Florence lived in a small, unassuming house in Caldwell Street, Merewether, and gave few interviews in later life. She died at a Mayfield nursing home in May 1968 aged 76.
Now there's a move to raise awareness of the woman called Australia's finest dramatic soprano, especially while some of her former Hunter pupils are still around.
In the vanguard is Florence Austral researcher Hilary Oliver, of New Lambton, who wants to not only promote the memory of Florence but commemorate the names of the first 11 teachers at the original Newcastle "Con" when it was a humble wartime-era timber hut on the edge of a barren Civic Park in the 1950s.
"They must have been hard days. The wooden building got eaten by borers, for example," Oliver says. (The Conservatorium finally moved into a permanent home nearby; the multi-storey former 'People's Palace' on the corner of Auckland and Laman streets.)
"Florence's home at 52 Caldwell Street, Merewether, is not even there anymore. It's a pity there's not even a plaque or anything to remind people of her life," Oliver says.
"Even her former students didn't know she once lived there. I also know of people who have her make-up case and her opera travelling trunk. It's so sad. Florence died intestate and her items were auctioned off up at Tocal.
"I went up once to Beresfield and took a picture of her plaque. Interestingly enough, her proud mother (who died in 1925) has the inscription, 'Mother of Florence Austral' on her gravesite.
"And why not? Florence was adored in England and America where she dazzled audiences. Her career was extraordinary, she went on stage as an unknown singer one night in London and woke up next day as a celebrity.
"Over time, Florence has been forgotten but there's a portrait of her in the role of Tosca still in the bowels of the university. Wouldn't it be nice if it could be put prominently on show again sometime? The painting was done by artist Giuseppe Risicato from a 1934-35 photograph and commissioned by Newcastle connoisseur Bill Bowmore in 1960 while she was still alive".
Oliver, a founding member of the Florence Austral Society, is helping to spearhead preservation of the late singer's memory with the help of the City of Newcastle and the University of Newcastle.

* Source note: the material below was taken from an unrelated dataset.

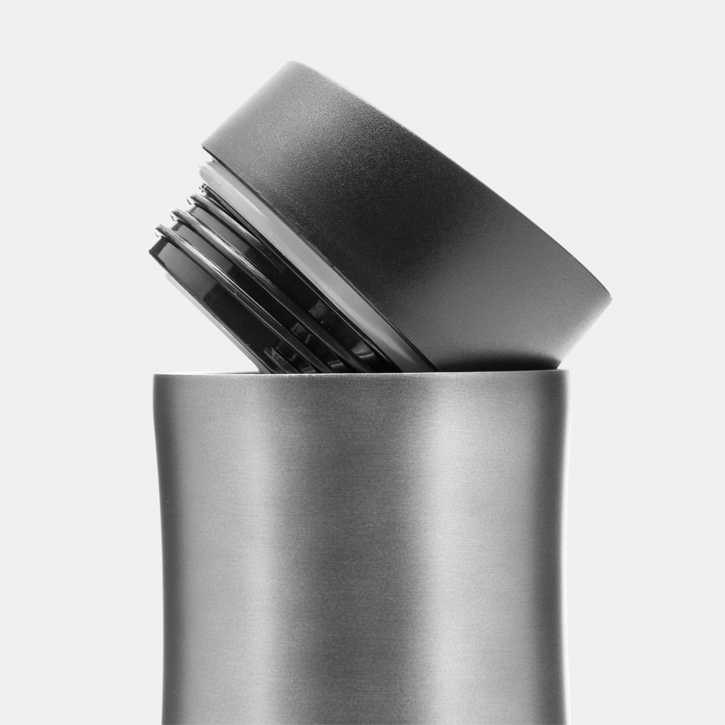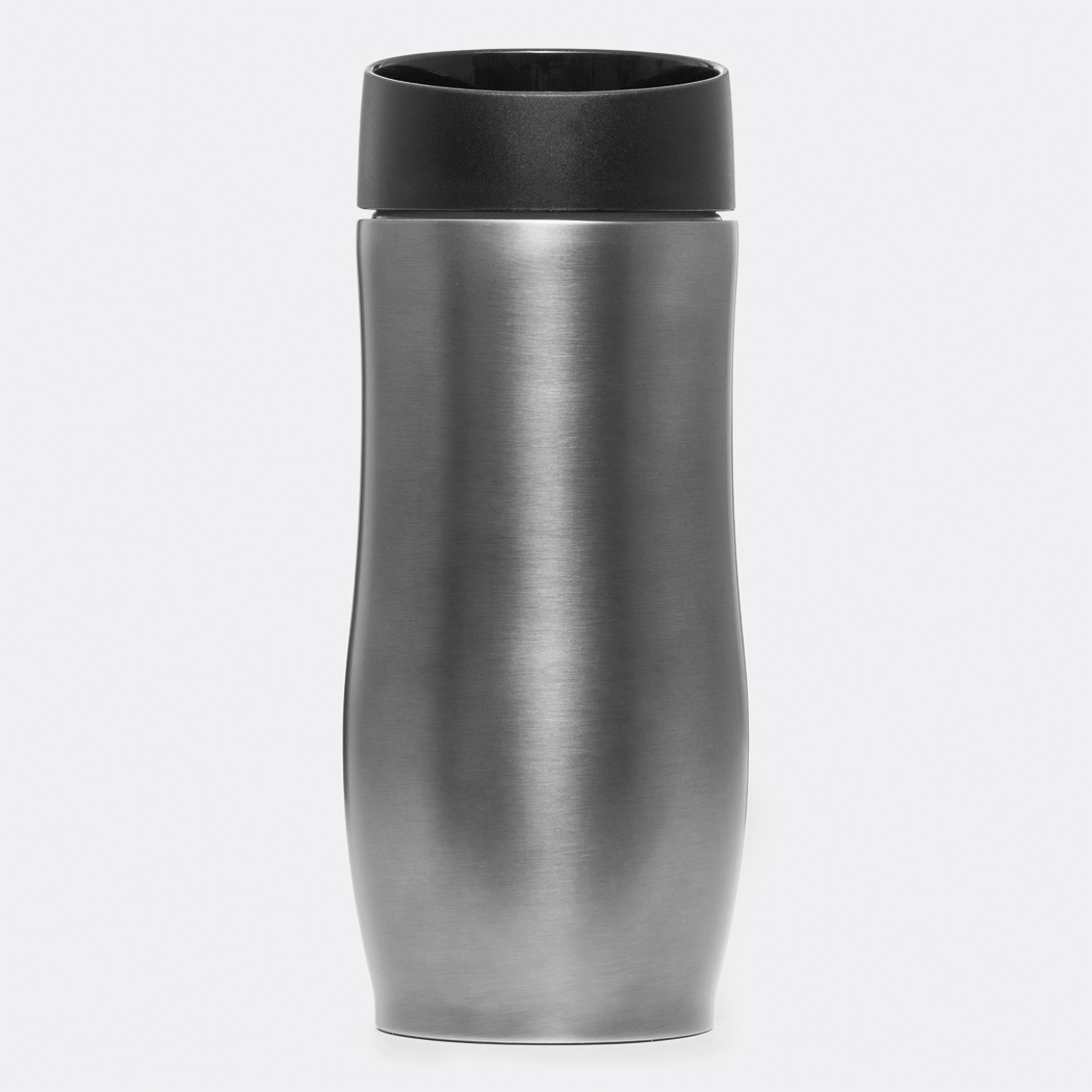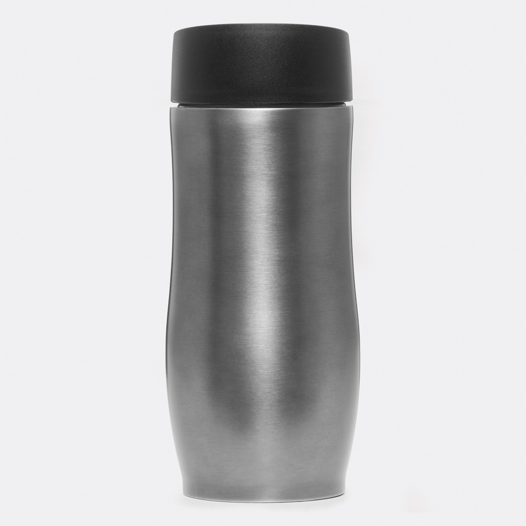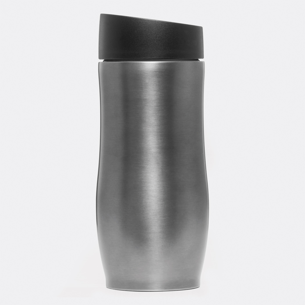 Isolierbecher CLASSICO, doppelwandig: innen und außen aus Edelstahl, Kunststoff-Deckel mit sicherem Schraubverschluss, Push-Button OPEN / CLOSE und integrierter Trinköffnung, gummierter Standfuß für gute Bodenhaftung, Füllmenge ca. 380 ml

Her passion to recognise Florence's neglected achievements was ignited by fellow Novocastrian Phil Warren, who also appreciated the late singer's talent and mourned her sad end.
"Florence herself wrote to her mother after her Covert Garden audition that she 'nearly took the roof off'," Oliver says.
"She had a huge, magnificent voice, but the wheels fell off when her disease struck. Her career was truncated, but she brought an awareness of how great you can become".
The former Sydneysider, who laughingly describes herself as "an opera singer of no note", says that music students study other famous sopranos such as Joan Sutherland and Maria Callas to learn their craft, and that Florence Austral should be no exception.
Oliver describes Austral, who made her name as a superstar as the formidable helmeted lady in the Wagnerian operas, was "down-to-earth and modest, good natured, unpretentious and generous" in real life.
The campaign to recognise the woman once praised as HMV's most important recording artist in the 1920s seems to be gaining traction.
Besides once raising Austral's profile on ABC radio and just recently online, Oliver also influenced the National Library of Australia into promoting her life and career in an extensive two-part blog posted in 2018 to recall the singer's achievements.
To paraphrase the library blog: "Austral debuted with the British National Opera Company in Covent Garden (in 1922) as a last-minute substitute singing the role of Brunnhilde in Wagner's Die Walkure. With little or no rehearsal, wearing a costume that didn't fit, and in the best showbiz tradition of being unheralded and unknown, she was soon universally acclaimed. She took 11 solo curtain calls that night".